Based on the rhetoric, I conclude that all delegates to the Republican convention in Tampa were business owners. Specifically, men and women who built their businesses themselves, from scratch, with their bare hands. Proud people! Independent people who neither need nor accept help, not from God or anybody. The delegates do acknowledge, however,   the positive influence of their parents — impoverished immigrants all — who sacrificed everything so the next generation could be free, business-building Americans. Also allowed on the convention floor were qualified spouses, those who stay at home for the benefit of their home-schooled children.

— John

2 thoughts on “Business Owners Only

  1. Funnily enough, I actually do run a business I built with my bare hands, and I mean that literally — a massage practice, wherein the only income generated is produced by my bare hnads. I dare any of the Tampons of Tampa to top that. And funnily enough, I want Social Security to be around when I need it, and for my government to sponsor health care plans that I can afford, and a union for my profesion even though I am an independent pratitioner, because kids coming out of massage school are being exploited by BUSINESS OWNERS who never get their hands greasy in massage cream or load a basket of sheets into a washing machine themselves, sweat-shopped in glossily packaged “Massage Heavens” where you pay $50 for a massage that I have to charge $80 for to survive, and the actual person who bent her back for an hour gets $18 of that, and you’re “encouraged” to leave a $30 tip.

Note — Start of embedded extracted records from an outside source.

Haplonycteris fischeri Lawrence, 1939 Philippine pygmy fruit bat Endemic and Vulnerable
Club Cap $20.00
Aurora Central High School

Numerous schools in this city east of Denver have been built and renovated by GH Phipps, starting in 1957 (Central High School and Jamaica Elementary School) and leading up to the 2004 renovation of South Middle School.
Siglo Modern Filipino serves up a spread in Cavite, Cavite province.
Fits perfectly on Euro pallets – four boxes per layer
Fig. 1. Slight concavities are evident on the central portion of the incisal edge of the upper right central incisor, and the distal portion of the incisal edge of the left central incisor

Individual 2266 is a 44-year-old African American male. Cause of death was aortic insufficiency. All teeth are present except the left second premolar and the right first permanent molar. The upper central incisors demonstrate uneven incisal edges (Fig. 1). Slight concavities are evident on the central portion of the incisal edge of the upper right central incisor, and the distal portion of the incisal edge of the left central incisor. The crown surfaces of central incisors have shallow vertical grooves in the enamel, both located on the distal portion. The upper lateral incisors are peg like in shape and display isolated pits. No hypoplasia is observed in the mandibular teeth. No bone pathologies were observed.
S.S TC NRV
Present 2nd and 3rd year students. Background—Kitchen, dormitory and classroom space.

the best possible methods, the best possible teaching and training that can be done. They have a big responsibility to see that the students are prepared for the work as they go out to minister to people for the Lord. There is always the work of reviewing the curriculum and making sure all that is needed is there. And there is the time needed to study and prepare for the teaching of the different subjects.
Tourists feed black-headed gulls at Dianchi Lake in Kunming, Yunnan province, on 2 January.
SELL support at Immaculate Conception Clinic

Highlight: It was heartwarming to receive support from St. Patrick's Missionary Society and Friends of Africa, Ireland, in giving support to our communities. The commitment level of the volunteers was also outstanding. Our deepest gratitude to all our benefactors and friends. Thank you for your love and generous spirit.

    These people wouldn’t know hard work if it bit them in the ass, like it bites me every day.


    • I paused to think of you when I was writing the post. You actually WORK with your hands. Working with one’s bare hands was once nearly universal. If you count using tools with your hands, it’s still not unusual. Bricklayers, nurses, truck drivers, chefs, and many more work every day with their hands. One of my grandfathers was a master plumber. He could massage iron pipes with his bare hands, so to speak. He built a small plumbing business, including a heating and plumbing supply store and a crew of working plumbers. One day during the Great Depression, the bank sent someone with a gun to padlock the store.

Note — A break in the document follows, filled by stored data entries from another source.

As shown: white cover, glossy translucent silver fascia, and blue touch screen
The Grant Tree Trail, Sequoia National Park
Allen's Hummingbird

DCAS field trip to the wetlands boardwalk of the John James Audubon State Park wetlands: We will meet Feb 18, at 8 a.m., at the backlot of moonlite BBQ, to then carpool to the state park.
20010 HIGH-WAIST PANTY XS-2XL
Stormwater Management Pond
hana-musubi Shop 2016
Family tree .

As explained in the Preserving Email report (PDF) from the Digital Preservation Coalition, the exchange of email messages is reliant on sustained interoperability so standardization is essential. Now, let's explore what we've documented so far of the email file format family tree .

      One of my great-grandfathers owned a primitive gas station. He worked with his bare hands, and the work killed him. I’ve heard eyewitness accounts of him working outside on his back on the ground underneath a car. In winter! Then one day, he was fixing a flat. Hard to imagine, but that involved separating the rubber tire from a steel wheel, with the help of some kind of prying device that I can’t even picture, and wrestling a thick rubber inner tube out of the tire. The wheel exploded from the contraption that was holding it, hitting the old man in the face and breaking his jaw, which the doctors then wired shut. He died soon thereafter of pneumonia.

      Of course, to say that someone “works with their hands” is an oversimplification. You are simultaneously working with your brain, because the knowledge and experience in the brain directs the actions of the hands.

      But we digress. The point is that the business worshippers in the Republican convention hall are an exclusive, homogenous herd. They know little about real work; and think “building a business” means clever speculation, international arbitrage, and legal and accounting maneuvers to redistribute real wealth from others to themselves.